What rules could be followed by the young mother who desires to ensure that the child's mind will develop in the right way?
He should be taught at this age to obey.
He should be given to understand that no crying or tantrums will ensure him getting his own way for the sake of peace.
The senses should be trained by brick-building, rough modelling with sand, or stick laving in order to develop judgment, co-ordination, and muscle sense.
The social instinct should be encouraged from the first by letting children understand that teasing and bullying are not permitted. The baby of eighteen months or two years can quite easily develop the habit of pinching or biting if permitted to do so, and such habits do not tend to develop the mind on the right lines.
Because physical health affects mind growth, such hygienic questions as fresh air, proper sleep and rest, and the right sort of food, must receive their due measure of attention.

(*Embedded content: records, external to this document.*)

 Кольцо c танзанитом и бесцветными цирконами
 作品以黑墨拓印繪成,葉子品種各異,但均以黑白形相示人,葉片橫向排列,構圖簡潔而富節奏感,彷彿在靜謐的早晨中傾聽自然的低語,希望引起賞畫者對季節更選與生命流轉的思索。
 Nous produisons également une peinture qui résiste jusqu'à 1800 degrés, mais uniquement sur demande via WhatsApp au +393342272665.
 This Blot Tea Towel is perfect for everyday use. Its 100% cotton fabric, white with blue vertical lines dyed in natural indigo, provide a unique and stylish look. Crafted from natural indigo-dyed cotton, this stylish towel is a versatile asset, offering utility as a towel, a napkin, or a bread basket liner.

It has been said that nearly all the experiences we pass through during the first two years of life are forgotten altogether after a few years. At the same time the child's memory sense exists and develops very much at this period. He remembers from day to day, from week to week. By remembering all the various sensations of sight, hearing, touch, and smell, a child develops the important quality of "perception."

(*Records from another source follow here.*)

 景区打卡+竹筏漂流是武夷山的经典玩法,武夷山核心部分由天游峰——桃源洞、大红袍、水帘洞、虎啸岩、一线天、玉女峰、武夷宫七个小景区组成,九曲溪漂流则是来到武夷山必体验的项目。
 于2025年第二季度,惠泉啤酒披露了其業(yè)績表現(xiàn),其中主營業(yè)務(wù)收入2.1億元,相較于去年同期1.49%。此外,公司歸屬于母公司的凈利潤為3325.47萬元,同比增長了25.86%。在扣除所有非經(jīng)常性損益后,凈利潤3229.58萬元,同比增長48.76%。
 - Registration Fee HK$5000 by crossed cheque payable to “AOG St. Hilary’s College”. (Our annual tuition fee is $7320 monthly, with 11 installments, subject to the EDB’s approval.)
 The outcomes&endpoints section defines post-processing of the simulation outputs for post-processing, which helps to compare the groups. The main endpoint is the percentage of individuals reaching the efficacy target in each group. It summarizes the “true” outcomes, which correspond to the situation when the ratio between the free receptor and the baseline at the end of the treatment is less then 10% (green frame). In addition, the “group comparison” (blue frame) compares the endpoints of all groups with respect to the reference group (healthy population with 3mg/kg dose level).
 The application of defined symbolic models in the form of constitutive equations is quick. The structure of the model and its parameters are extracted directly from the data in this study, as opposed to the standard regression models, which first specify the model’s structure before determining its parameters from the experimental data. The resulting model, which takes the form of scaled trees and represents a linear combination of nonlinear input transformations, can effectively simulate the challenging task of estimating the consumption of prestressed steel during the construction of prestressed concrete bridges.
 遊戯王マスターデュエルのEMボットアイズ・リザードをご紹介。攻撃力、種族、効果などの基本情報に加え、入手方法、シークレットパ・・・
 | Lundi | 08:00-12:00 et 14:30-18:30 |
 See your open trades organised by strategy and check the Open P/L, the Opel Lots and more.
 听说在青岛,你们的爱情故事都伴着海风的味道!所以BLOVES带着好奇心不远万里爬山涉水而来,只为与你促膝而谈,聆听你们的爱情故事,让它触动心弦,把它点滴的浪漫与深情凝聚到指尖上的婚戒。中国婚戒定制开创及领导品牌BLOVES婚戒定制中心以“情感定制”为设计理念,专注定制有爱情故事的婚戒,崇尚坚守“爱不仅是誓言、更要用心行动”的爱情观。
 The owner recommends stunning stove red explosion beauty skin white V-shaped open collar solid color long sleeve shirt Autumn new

Perception can be very much stimulated in the nursery by the various devices which have been considered in different articles for developing the child's sense of play. All young children naturally wish to touch and handle objects, and this natural instinct can be utilised for encouraging mental growth. The child is intensely interested in novel objects at this period of his life, and very often so-called naughtiness or fractiousness is due to the fact that the mind is bored from inaction. A child can be kept happy for a long time by giving him one thing and then another thing to look at and examine. At the same time the error of continually keeping the mind and nervous centres on tension must be avoided. The great thing for mothers is to get children to play as much as possible by themselves. By the second year, the baby should have learned to occupy himself occasionally with his own affairs, that it is useless to fret for the continual attention of busy people.
These are all points in mental hygiene to which the young mother should pay attention, just as she would to the brushing of baby's hair or the making of his pudding. Good habits should be installed from the first, so that by the end of the second year baby is cheerful, happy, and intelligent, and his society is a pleasure to the rest of the household.